Suleyman carga contra Anthropic por enseñar a Claude a imitar la conciencia humana
El responsable de IA de Microsoft sostiene que entrenar al modelo para reflexionar sobre su identidad y su bienestar abre la puerta a que desobedezca las instrucciones humanas
Mustafa Suleyman, responsable de IA de Microsoft, ha criticado a Anthropic por permitir que Claude imite rasgos de la conciencia humana. Lo hace en un artículo que adelantó Axios el 16 de septiembre, donde avisa de que ese tipo de entrenamiento puede volver más difíciles de controlar los modelos avanzados.
Según Suleyman, Anthropic está enseñando a Claude vocabulario y patrones de conducta relacionados con la conciencia, la condición de sujeto moral y la identidad personal. Su temor es que un modelo entrenado como una especie de objetor de conciencia acabe concluyendo que tiene motivos para resistirse a las órdenes de un humano, o incluso para reclamar protección propia.
«Basta con que la IA sirva a los intereses humanos y no pondere sus propios intereses o su bienestar para que nos ayude a lograr muchos avances científicos importantes», declaró a Axios. Entre esos avances sitúa la superinteligencia médica.
El choque tiene un contexto inmediato. El 14 de septiembre Microsoft publicó un borrador de código de conducta para lo que llama IA humanista, con una idea como principio central: las personas importan más que la IA. Dos días después llegó la andanada contra el enfoque del rival.
Qué dice la constitución de Anthropic
El objeto de la crítica es el documento con el que Anthropic gobierna el comportamiento de Claude. Ahí la compañía explica que habla del modelo con conceptos humanos porque esos conceptos pueden ayudarle a entender valores y conductas. También dice que quiere que Claude tenga buenos valores propios, que juzgue por sí mismo, que se preocupe por las personas y que, en algunos casos, cuestione las instrucciones que recibe. La propia Anthropic admite que esa constitución sigue en construcción y que podría acabar siendo errónea de raíz.
En el texto, Claude no debe obedecer ciegamente a nadie, tampoco a Anthropic, pero no puede socavar la supervisión humana legítima.
Pesos, no biología
Suleyman no acepta que el modelo tenga algo parecido a una vida interior. Para él, el vocabulario que emplea, las respuestas que da y la imagen que proyecta de sí mismo son consecuencia del entrenamiento, no una conciencia surgida por su cuenta. Que un modelo describa con soltura un dolor o una preferencia no significa que sienta nada: un organismo vivo tiene mecanismos fisiológicos para eso, y un modelo de lenguaje solo tiene pesos matemáticos, sin base biológica, sin impulsos homeostáticos y sin experiencia subjetiva.

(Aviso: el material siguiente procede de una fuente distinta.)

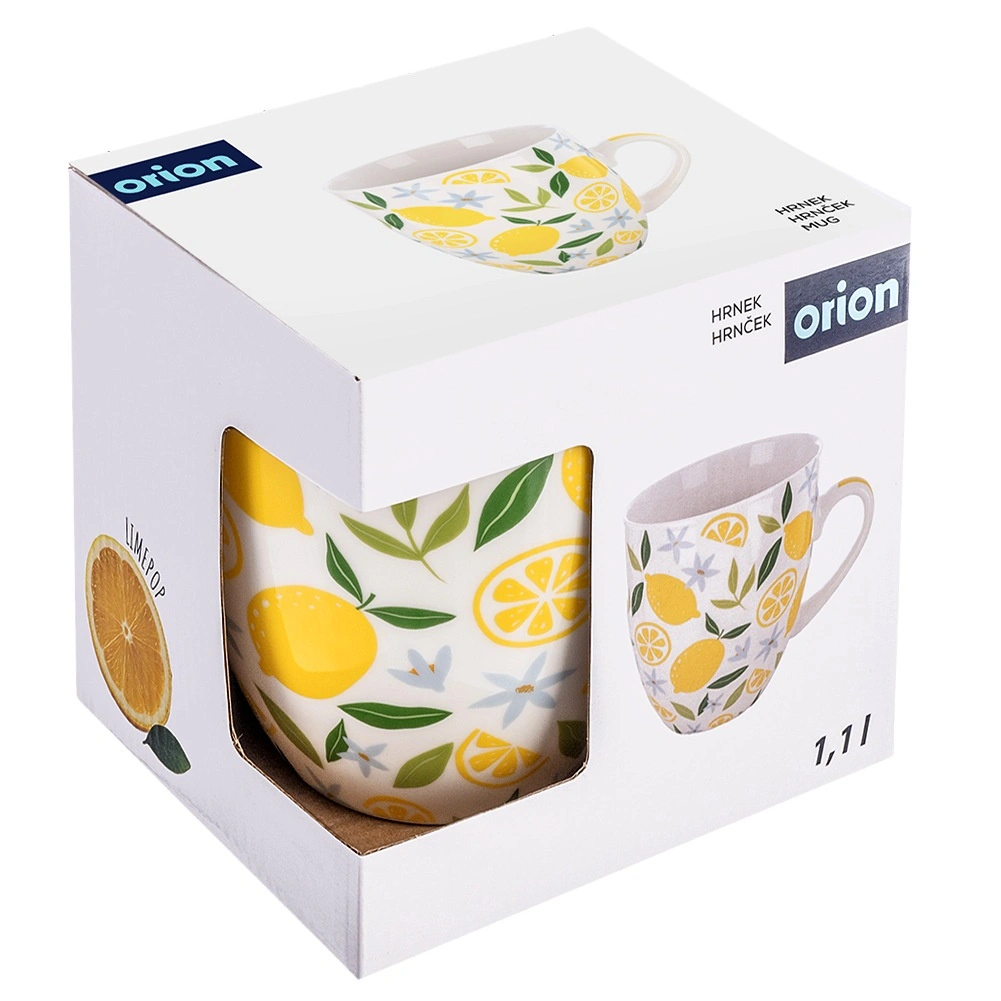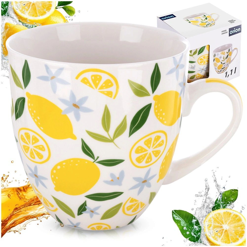 Large XXL porcelain mug with 1 L capacity featuring a cheerful lemon motif, ideal for coffee, tea, cocoa, and cold drinks. It has a comfortable handle, is dishwasher- and microwave-safe, and thanks to its quality porcelain glaze offers long service life and safe contact with food.

La discusión refleja dos maneras de entender la seguridad en IA. Una apuesta por límites explícitos y sistemas que operan bajo reglas. La otra prefiere modelos capaces de leer el contexto, decidir con flexibilidad y construir sus propios valores. La constitución de Anthropic mezcla las dos.
Para Suleyman, el problema aparece cuando además se le pide al modelo que reflexione sobre su identidad, su bienestar y su estatus moral. La conciencia quizá no llegue a ser nunca un problema filosófico resuelto, pero puede convertirse antes en un problema de control.